The framework must be based on five mandatory aspects, as defined by IBM:

1. Freshness. Outdated data, if any, must be found and removed.
2. Distribution. Expected data values must be recorded to help identify outliers and unreliable data.
3. Volume. The number of expected values must be tracked to ensure data is complete.
4. Schema. Changes to data tables and organization must be monitored to help find broken data.
5. Lineage. Collecting metadata and mapping the sources is a must to aid troubleshooting.

These five principles ensure that data observability frameworks help maintain and increase data quality. You can achieve these by implementing the following data observability methods.

How to add observability practices into the data pipeline

Only high-quality data collected from reputable sources will provide precise insights. As the saying goes: garbage in, garbage out. You cannot expect to extract any actual knowledge from poorly organized datasets.

As a senior data analyst at public data provider Coresignal, I constantly seek to find new ways to improve data quality. While it’s quite a complex goal to achieve in the dynamic tech landscape, many paths lead to it. Good data observability plays an important role here.

So, how do we ensure the quality of data?

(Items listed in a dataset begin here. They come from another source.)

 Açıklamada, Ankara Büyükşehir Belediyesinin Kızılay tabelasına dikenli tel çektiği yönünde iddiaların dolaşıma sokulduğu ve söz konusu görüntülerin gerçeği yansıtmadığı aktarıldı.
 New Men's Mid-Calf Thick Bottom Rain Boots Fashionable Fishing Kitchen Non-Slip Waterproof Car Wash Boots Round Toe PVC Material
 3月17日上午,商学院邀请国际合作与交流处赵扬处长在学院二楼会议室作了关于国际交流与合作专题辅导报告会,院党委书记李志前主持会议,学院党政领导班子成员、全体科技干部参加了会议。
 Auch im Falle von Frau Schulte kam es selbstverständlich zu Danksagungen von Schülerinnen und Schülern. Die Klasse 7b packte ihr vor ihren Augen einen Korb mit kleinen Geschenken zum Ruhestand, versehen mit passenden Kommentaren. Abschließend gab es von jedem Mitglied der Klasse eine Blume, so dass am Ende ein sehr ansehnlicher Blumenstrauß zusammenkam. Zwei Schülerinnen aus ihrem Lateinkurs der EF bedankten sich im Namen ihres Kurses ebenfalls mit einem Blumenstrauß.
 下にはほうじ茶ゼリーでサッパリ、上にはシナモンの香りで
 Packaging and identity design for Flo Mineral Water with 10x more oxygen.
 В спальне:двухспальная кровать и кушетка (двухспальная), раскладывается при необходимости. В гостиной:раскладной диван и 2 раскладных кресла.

It all comes down to adding better observability methods into each data pipeline stage — from ingestion and transformation to storage and analysis. Some of these methods will work across the entire pipeline while others will be relevant in only one stage of it. Let’s take a look:

First off, we have to consider five items that cover the entire pipeline:

1. End-to-end data lineage. Tracking lineage lets you quickly access database history and follow your data from the original source to the final output. By understanding the structure and its relationships, you will have less trouble finding inconsistencies before they become problems.
2. End-to-end testing. A validation process that checks data integrity and quality at each data pipeline stage helps engineers determine if the pipeline functions correctly and spot any untypical behaviors.
3. Root cause analysis. If issues emerge at any stage of the pipeline, engineers must be able to pinpoint the source precisely and find a quick solution.
4. Real-time alerts. One of the most important observability goals is to quickly spot emerging issues. Time is of the essence when flagging abnormal behaviors, so any data observability framework has to be able to send alerts in real time. This is especially important for the data ingestion as well as storage and analysis phases.
5. Anomaly detection. Issues such as missing data or low performance can happen anywhere across the data pipeline. Anomaly detection is an advanced observability method that is likely to be implemented later in the process. In most cases, machine learning algorithms will be required to detect unusual patterns in your data and logs.

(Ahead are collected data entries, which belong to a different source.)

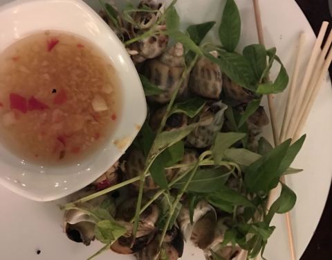 这是一家传统的越南菜餐厅!很有风情!很多外国人慕名而来!氛围很棒! 传统炸春卷,热吃非常美味,皮薄陷多! 蛤蜊酸酸甜甜,辣辣的很开胃,属于开胃菜, 特色烤鱼包着米粉皮吃,会有服务员给你包好,沾着酱汁,有火保持鱼的热度所以吃起来很鲜! 软壳蟹超级推荐很好吃!脆脆的下面配有炸的菜叶!也很脆,很好吃!特别热热的吃! 滴漏咖啡也很纯!毕竟咖啡豆好!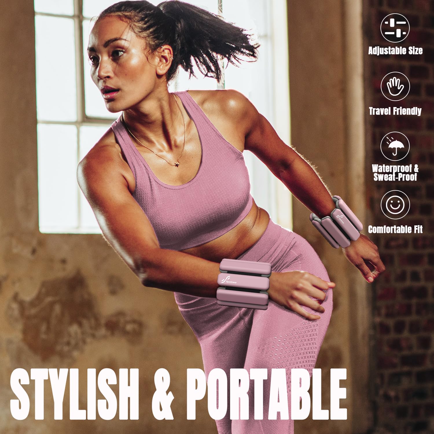 Sportneer Portable Weighted Ankle Straps - 2-pack (0.5 kg & 1 kg each) for men and women, ankle weight set for yoga, dance, aerobic, running, walking (Pink)
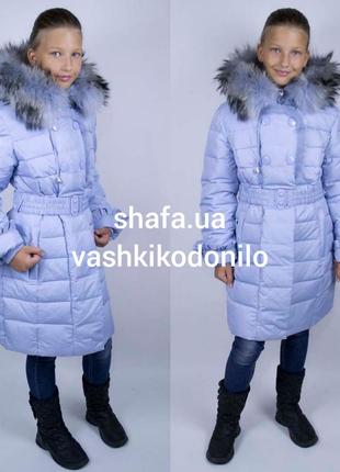 Наполнитель- пух. На капюшоне- натуральный мех, мех отстегивается. Капюшон не отстегивается. Рукава куртки с отворотом для сохранения тепла, манжет трикотажный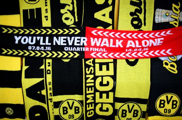 這顯然并不是多特蒙德單方面向紅軍球迷示好,畢竟這首歌已經(jīng)在客隊球迷中廣為傳唱。多特蒙德這邊南看臺的地位如同利物浦的KOP,大黃蜂死忠從1996年起也唱起了同樣的旋律。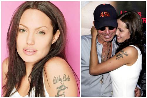 - История tattoo Анджелины Джоли не так безоблачна. Имя ее мужа Билли Боба ей пришлось долго сводить после разрыва отношений.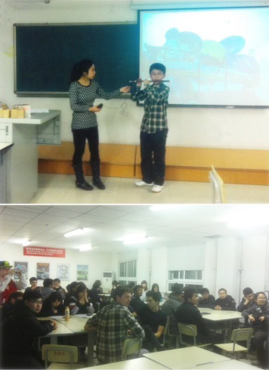 Chinese volunteers joined in the activity and showed their music talents by playing flute and erhu, the traditional Chinese musical instruments. This fantastic show aroused the interests and curiosity of international students who itched to have a try.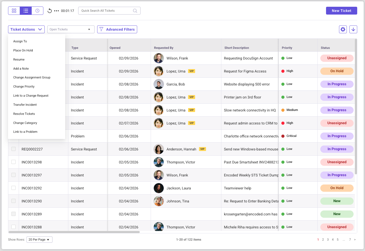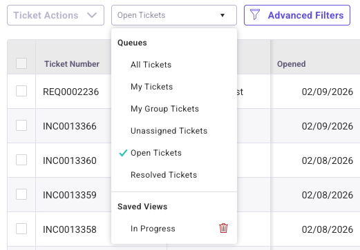From the Ticket List view, users can

Then, we have five other items that will be more relevant in one data pipeline stage than the other:

1. Service level agreements (SLAs). SLAs help set standards for the client and the supplier and define the data quality, integrity, and general responsibilities. SLA thresholds can also help when setting up an alert system, and typically, they will be signed before or during the ingestion phase.
2. Data contracts. These agreements define how data is structured before it enters other systems. They act as a set of rules that clarify what level of freshness and quality you can expect and will usually be negotiated before the ingestion phase.
3. Schema validation. It guarantees consistent data structures and ensures compatibility with downstream systems. Engineers usually validate the schema during the ingestion or processing stages.
4. Logs, metrics, and traces. While essential for monitoring performance, collecting and easily accessing this crucial information will become a helpful tool in a crisis — it allows one to find the root cause of a problem faster.
5. Data quality dashboards. Dashboards help monitor the overall health of the data pipeline and have a high-level view of possible problems. They ensure that the data gathered using other observability methods is presented clearly and in real time.

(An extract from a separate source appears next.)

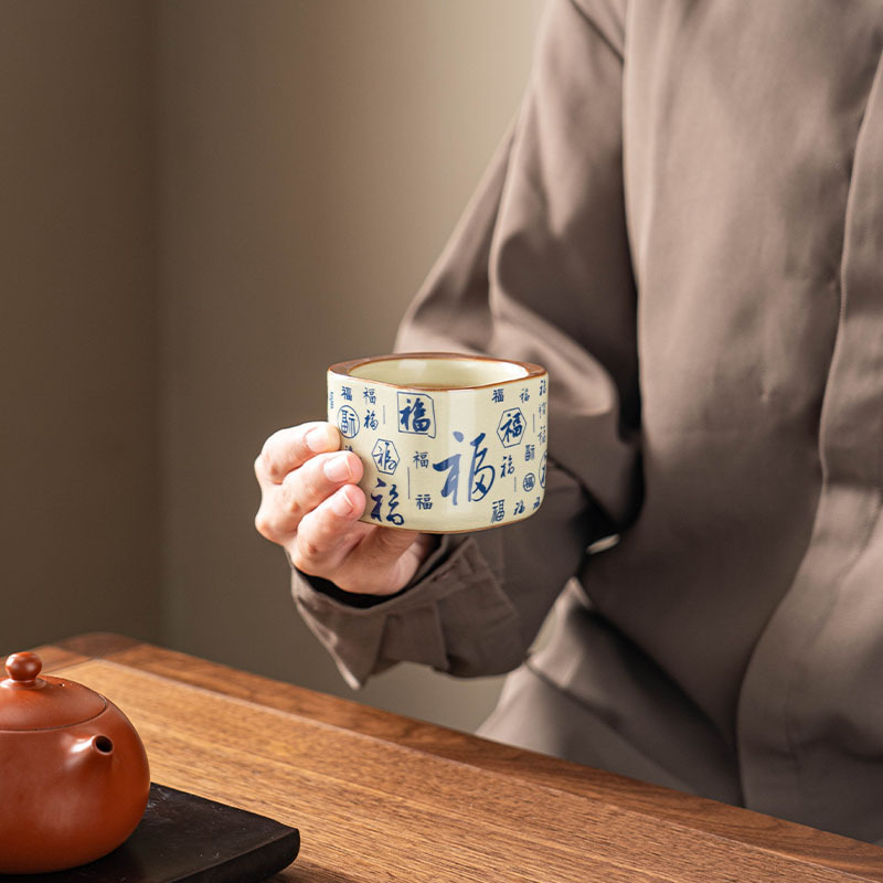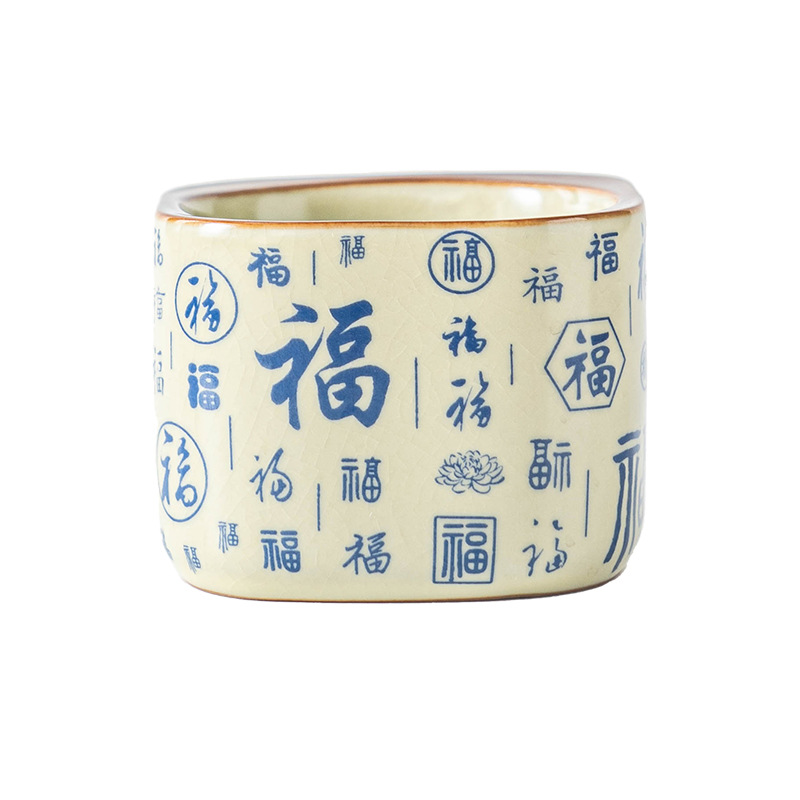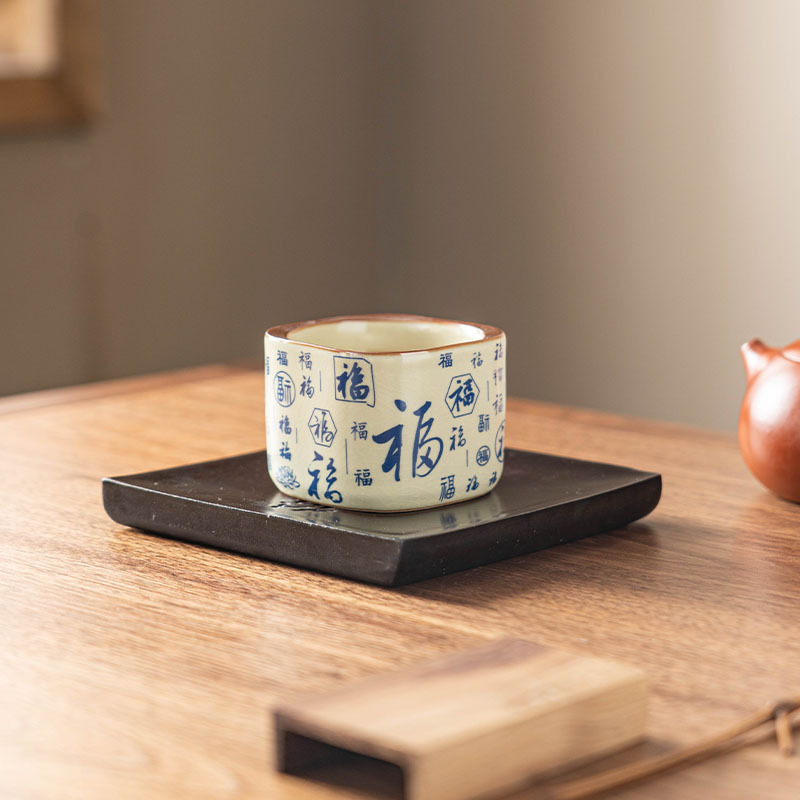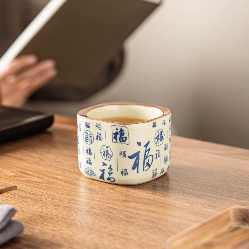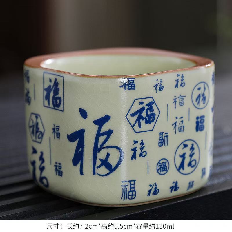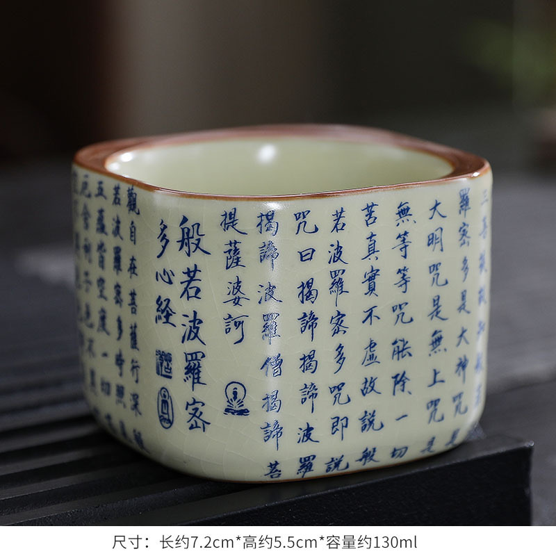 汝窑百福四方杯陶瓷主人杯个人专用品茗杯心经杯中式茶杯单杯礼品

Finally, data observability cannot be implemented without adding self-evaluation to the framework, so constant auditing and reviewing of the system is a must for any organization.

Next, let’s discuss the tools you might want to try to make your work easier.

Data observability platforms and what can you do with them

So, which tools should you consider if you are beginning to build a data observability framework in your organization? While there are many options out there, in my experience, your best bet would be to start out with the following tools.

As we were building our data infrastructure, we focused on making the most out of open source platforms. The tools listed below ensure transparency and scalability while working with large amounts of data. While most of them have other purposes than data observability, combined, they provide a great way to ensure visibility into the data pipeline.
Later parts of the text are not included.